Ao longo da história, alguns físicos tentaram explicar a cor dos corpos utilizando apenas
conhecimentos provenientes da física da luz. Tal fato parece ser uma herança newtoniana,
mesmo que ele próprio não tenha seguido exclusivamente essa abordagem (GUIMARÃES, 2000).
Newton (2002) afirmou que a luz branca proveniente do Sol é composta por todas as cores e isso
influenciou profundamente os estudos subsequentes sobre a cor dos corpos. Nessa teoria, as
cores estão associadas unicamente à frequência da luz (SILVA, 2007).
A frequência de uma onda eletromagnética pode ser definida como sendo o número de
perturbações por unidade de tempo que a luz apresenta (HALLIDAY; RESNICK; WALKER, 2009).
Segundo Silva (2007), a cor amarela é a interação de uma onda eletromagnética, de frequência
aproximadamente entre 510 e 530 THz, com o sistema visual humano.
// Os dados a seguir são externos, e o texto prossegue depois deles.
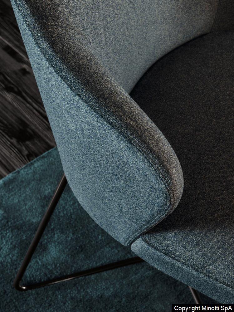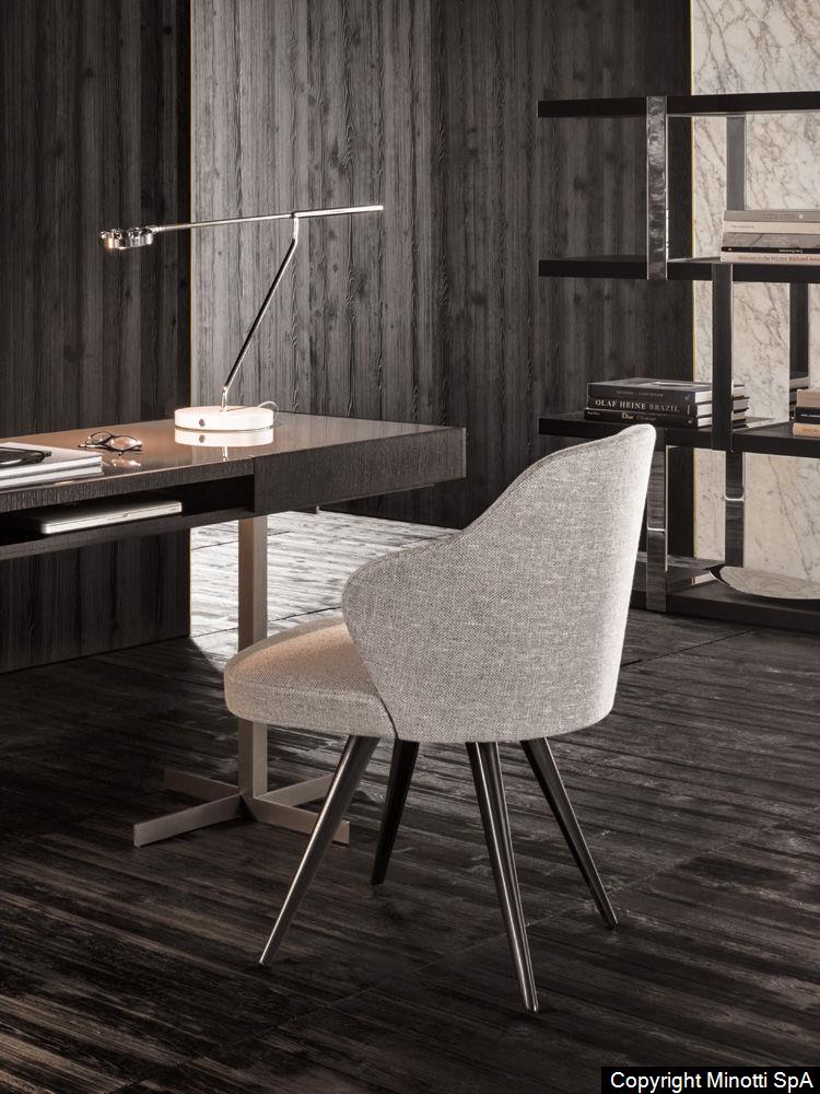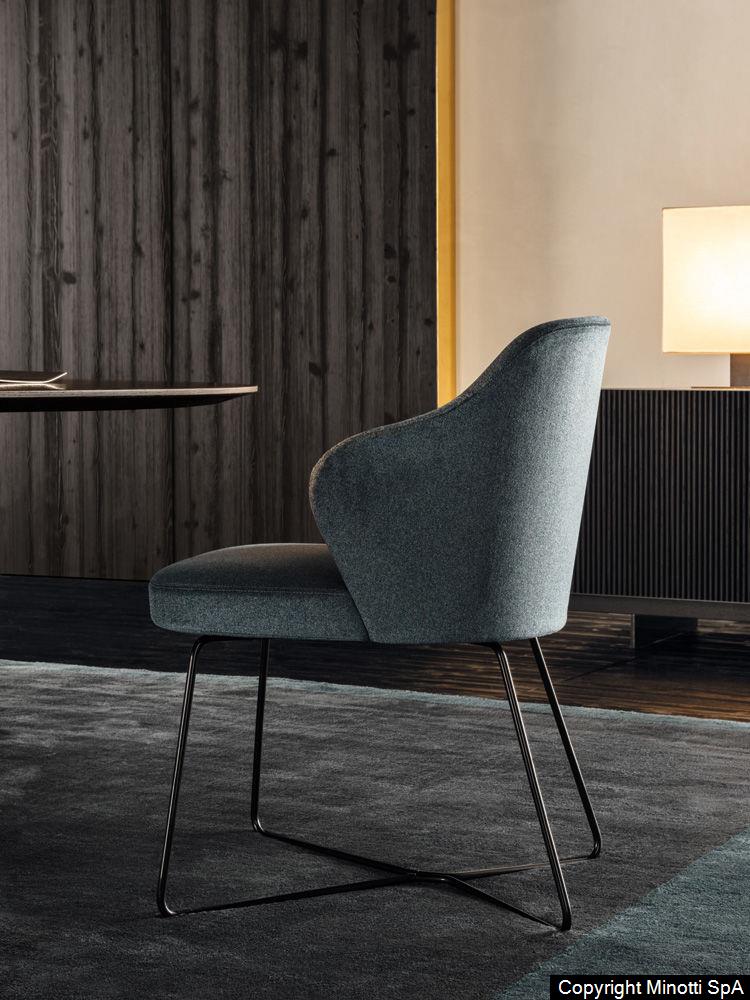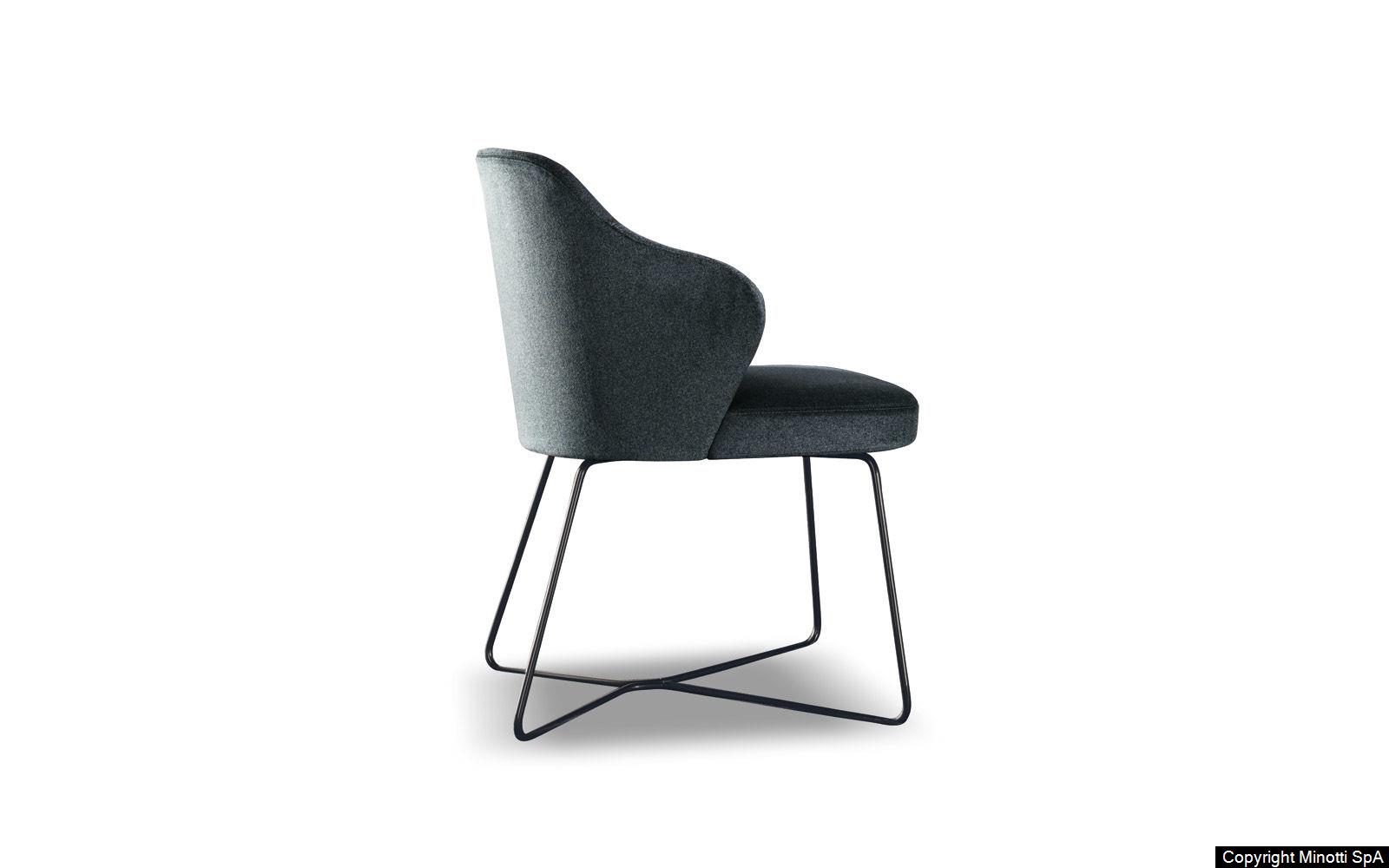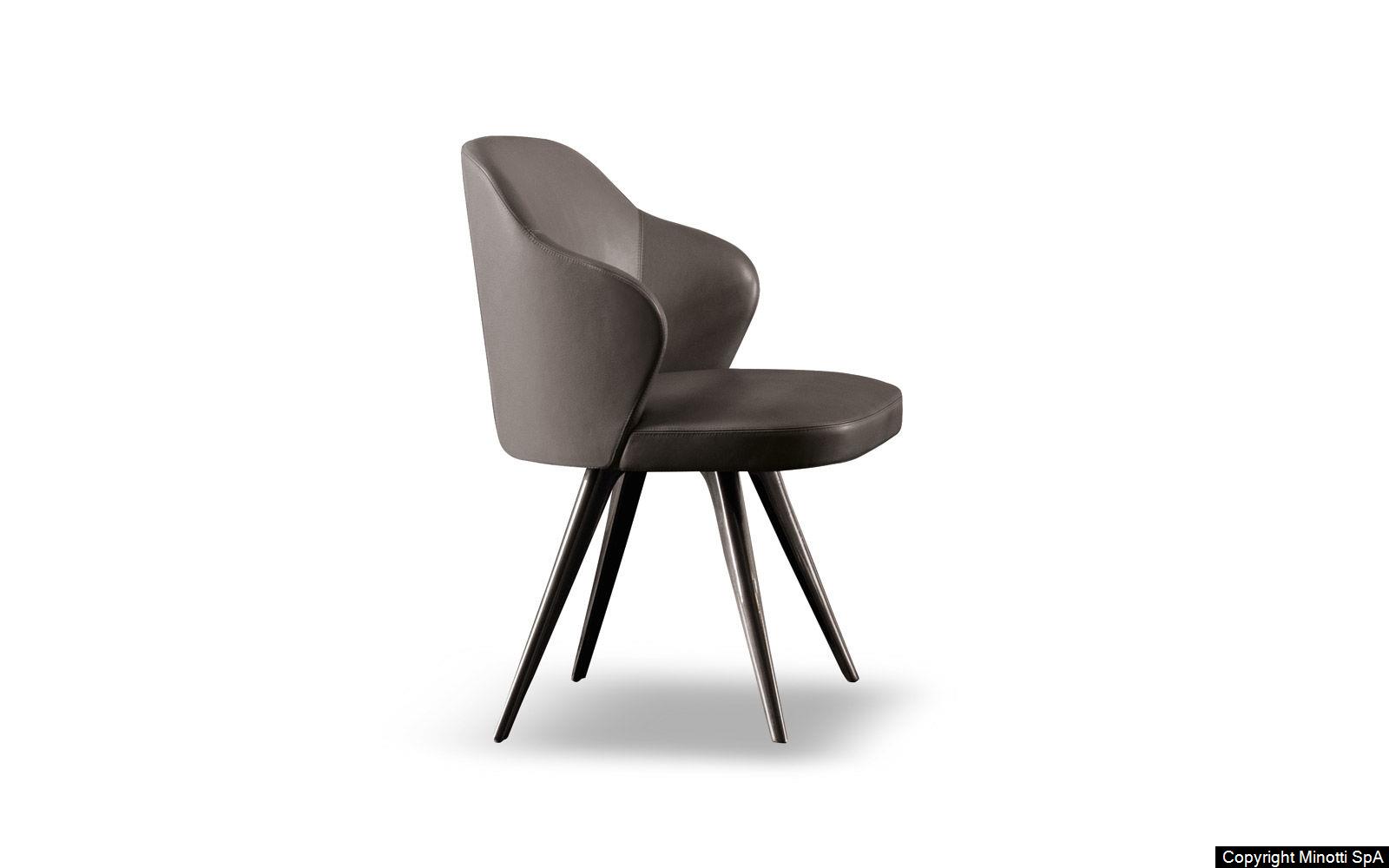 The Leslie “Dining” chairs echo the same soft, shapes and balanced proportions as the Leslie armchair. Leslie “Dining” features an enveloping backrest crafted from a cold-formed foam shell covered in soft padding. Its expertly-crafted tailoring ensures the upholstery fits like a glove. The Leslie “Dining” chairs can be covered entirely in fabric or leather, or with the backrest in fabric and the seat in leather for a tastefully-orchestrated contrast between the two materials. The Leslie “Dining” chair comes in three versions: with base in painted Pewter-color steel wire, or with painted Pewter color, cast aluminum legs, or in a swivel base version that also rests on painted Pewter-color cast aluminum legs.
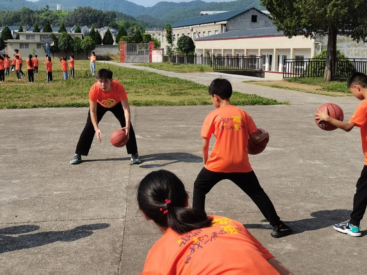 手腕反转,灵活运球。支教队员刘一帆老师教授篮球课——熟悉篮球,增强球感。体育锻炼千万条,安全问题第一条。篮球课开始后,为防止学生运动时出现肌肉拉伤等意外情况,刘一帆带着学生们做了热身运动,活动了脚腕、手腕、腰部与头部等关节与部位。
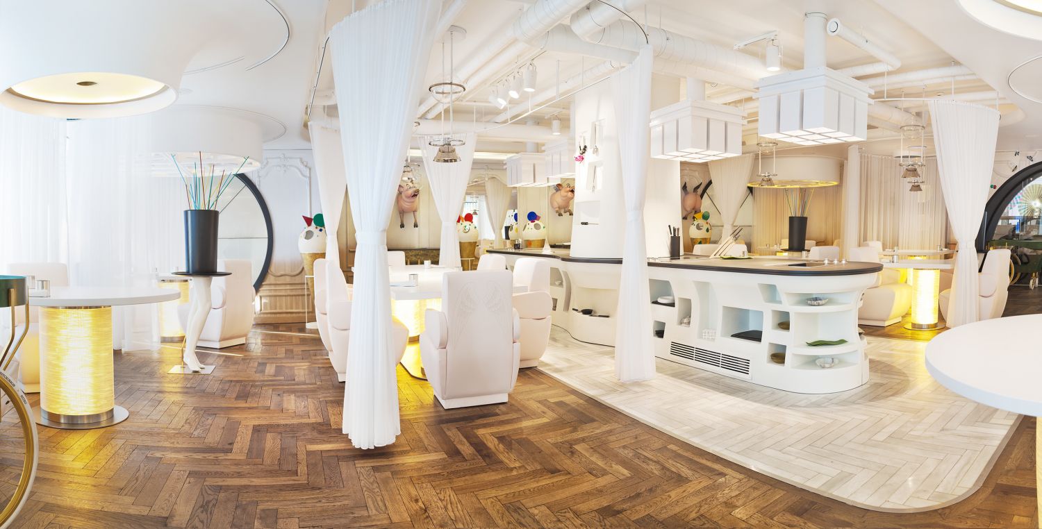 La experiencia gastronómica se ha descrito como un teatro en lugar de simplemente una comida sentada debido a la cocina experimental y el interior. Elige entre favoritos como langosta con huevos de perdiz o piel de cerdo sobre brioche de sésamo negro.

Portanto, uma onda
eletromagnética de frequência igual a 520 THz é interpretada como luz de cor amarela.
Consequentemente, se um objeto iluminado por luz branca solar reflete apenas uma onda
eletromagnética de frequência igual a 520 THz, ele é visto por uma pessoa de visão normal como
tendo a cor amarela. Essa é a origem do que chamamos ‘primeiro amarelo’. Na Figura 1,
reproduz-se uma ilustração bastante comum em livros didáticos de Física que acompanha essa
explicação para a cor amarela de um corpo.
Figura 1 – Ilustração de livros que acompanha a explicação da cor de um corpo sob luz branca.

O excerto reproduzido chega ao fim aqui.